▶ **Instructions to follow**:
Transcribe the data exactly, omitting whatever pictures it holds.

▶ **Data segment**:

=-=-=

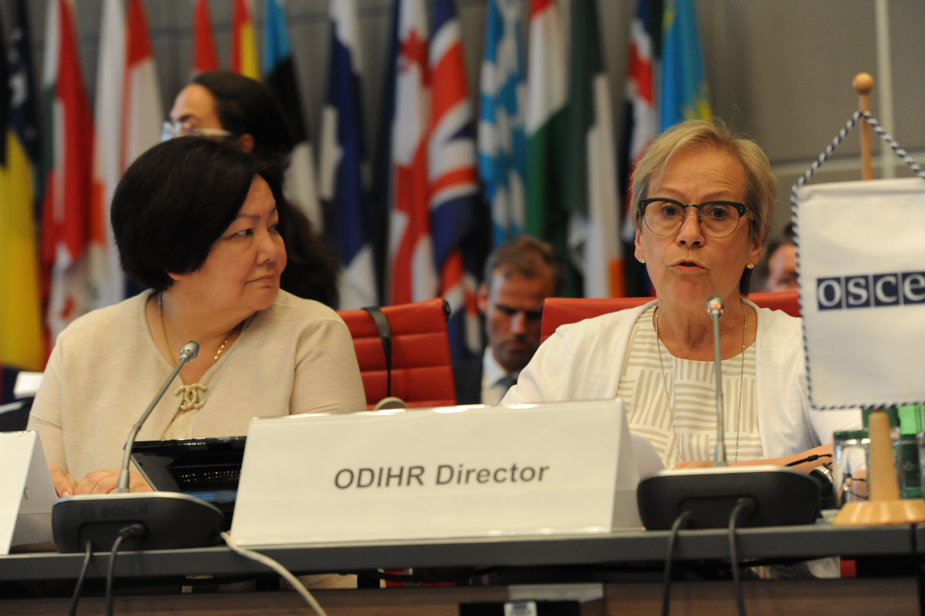 Madina Jarbussynova, OSCE Special Representative and Co-ordinator for Combating Trafficking in Human Beings, listening as ODIHR Director Ingibjörg Sólrún Gísladóttir addresses the Supplementary Human Dimension Meeting on "Child Trafficking - From Prevention to Protection" in Vienna, 28 May 2018 (OSCE/Micky Kroell).
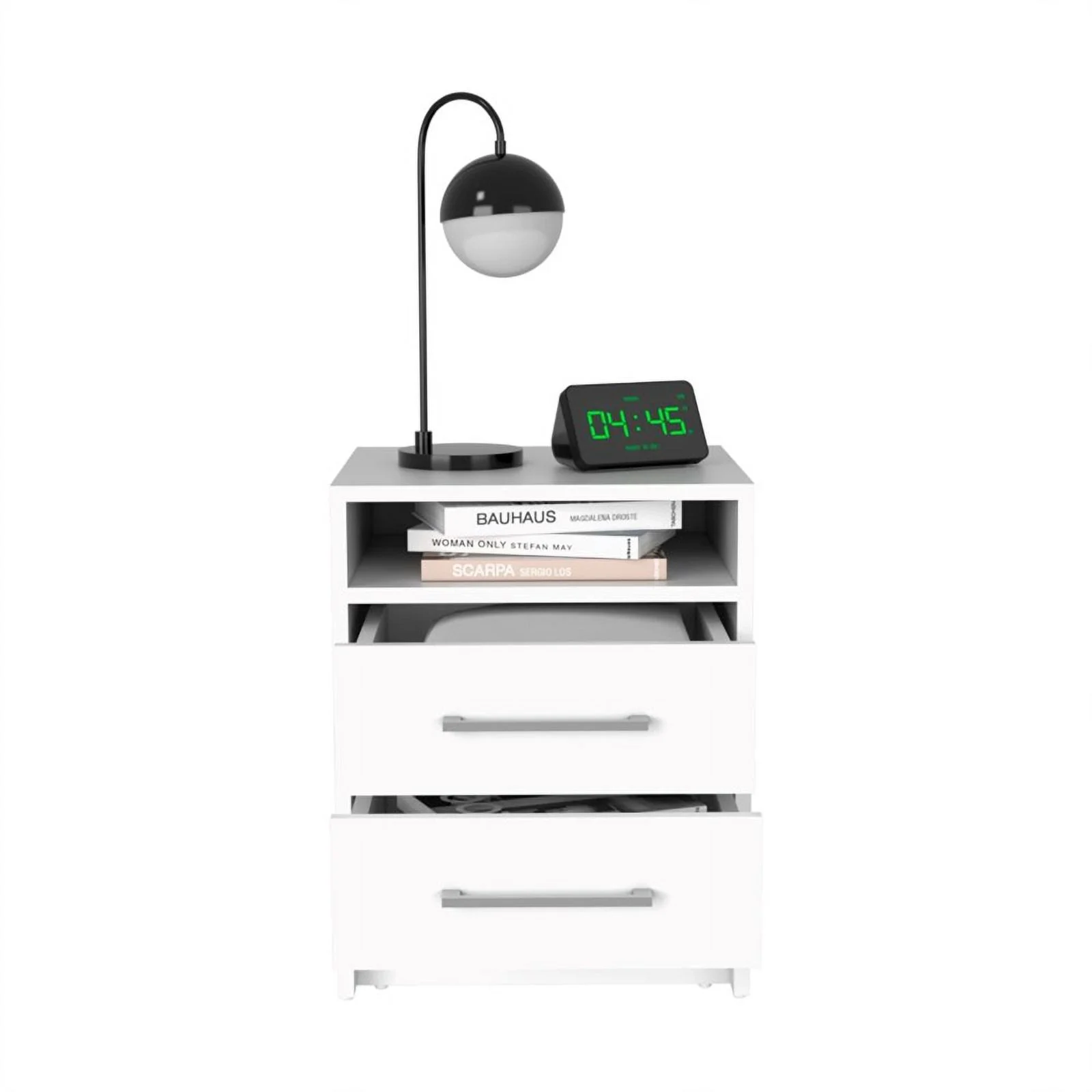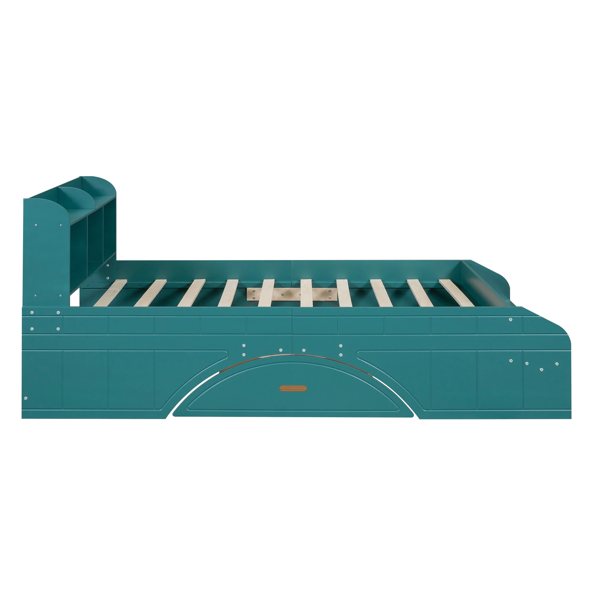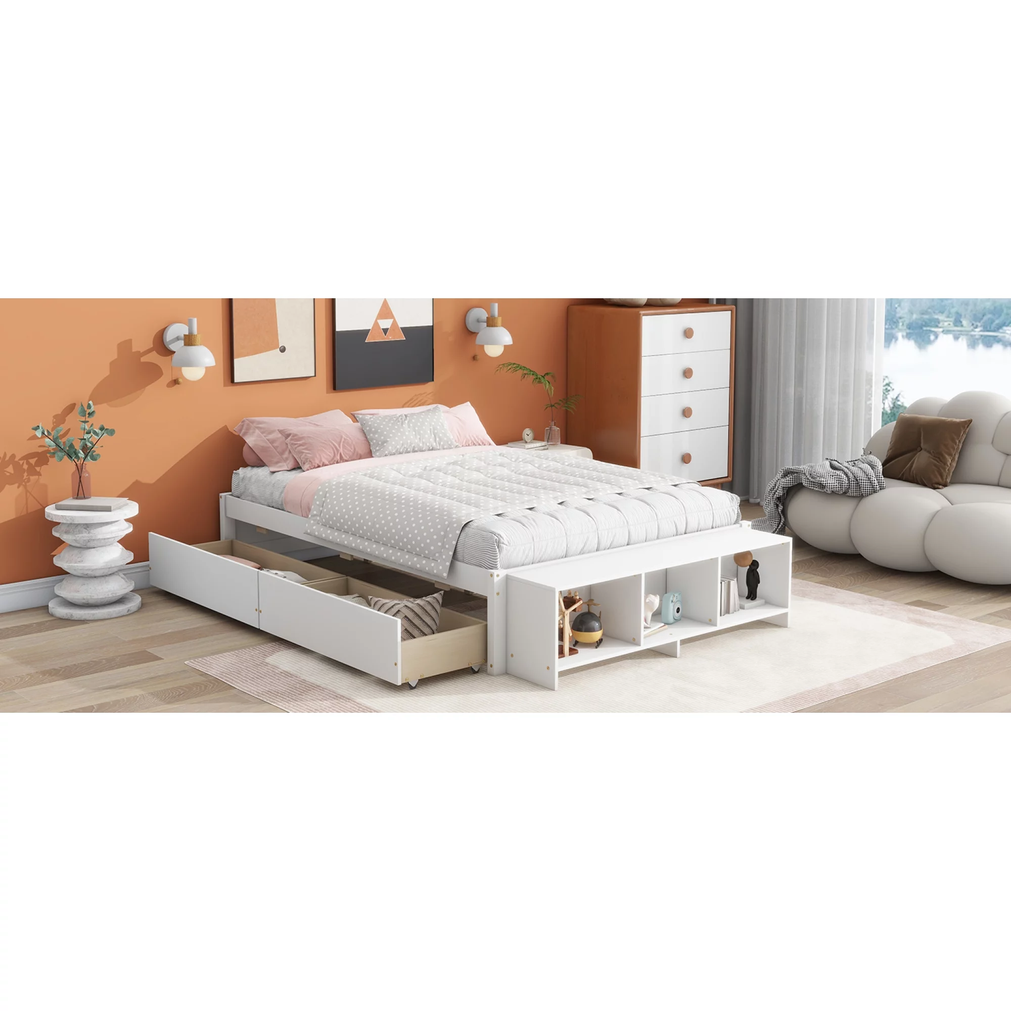 Full Size Bed with Storage Case, 2 Storage drawers, Lengthwise Support Slat,White
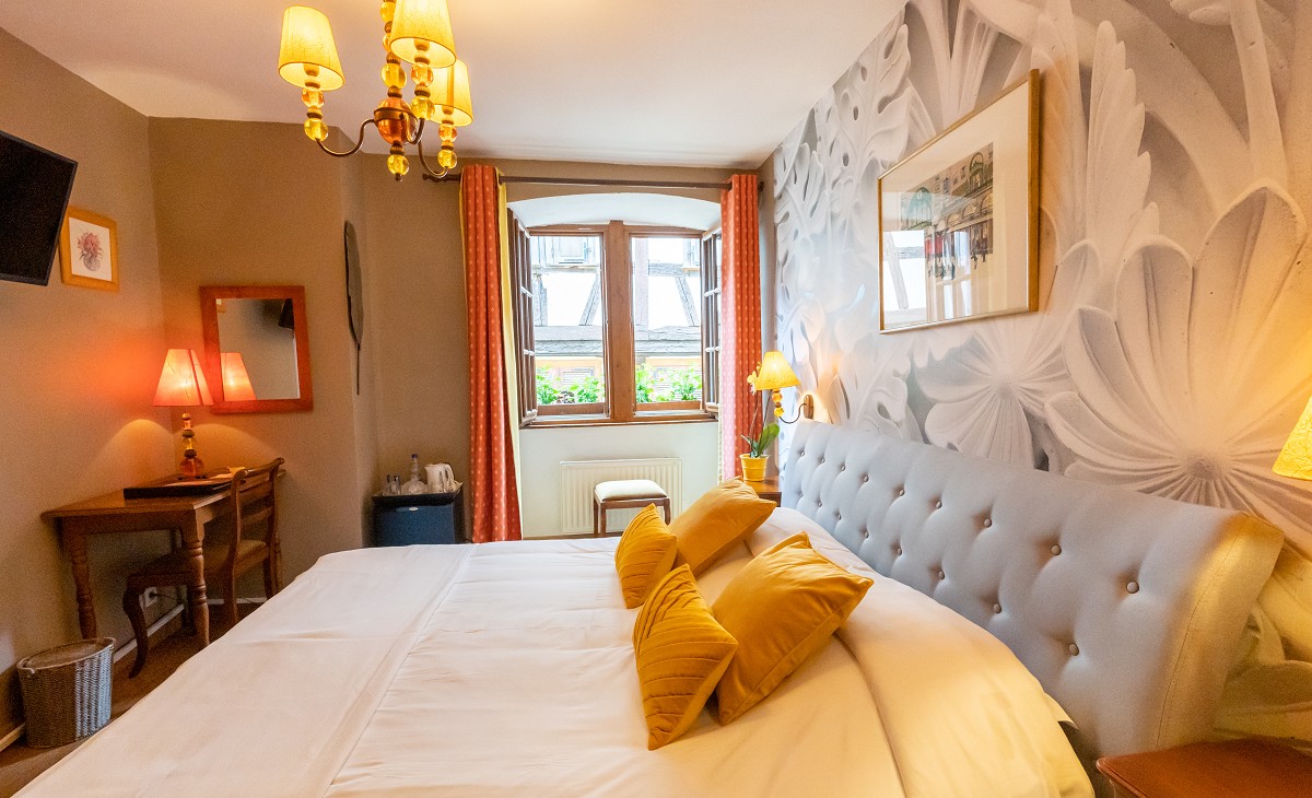 Nous vous proposons ici quelques photos de notre hôtel, de ses chambres, son bar et son salon, ainsi que de la ville de Riquewihr en Alsace, magnifique cité médiévale avec ses fortifications et ses maisons à colombages, et qui fait partie des perles du vignoble alsacien.

=-=-=

▶ **Solution**:
 Madina Jarbussynova, OSCE Special Representative and Co-ordinator for Combating Trafficking in Human Beings, listening as ODIHR Director Ingibjörg Sólrún Gísladóttir addresses the Supplementary Human Dimension Meeting on "Child Trafficking - From Prevention to Protection" in Vienna, 28 May 2018 (OSCE/Micky Kroell).
 Full Size Bed with Storage Case, 2 Storage drawers, Lengthwise Support Slat,White
 Nous vous proposons ici quelques photos de notre hôtel, de ses chambres, son bar et son salon, ainsi que de la ville de Riquewihr en Alsace, magnifique cité médiévale avec ses fortifications et ses maisons à colombages, et qui fait partie des perles du vignoble alsacien.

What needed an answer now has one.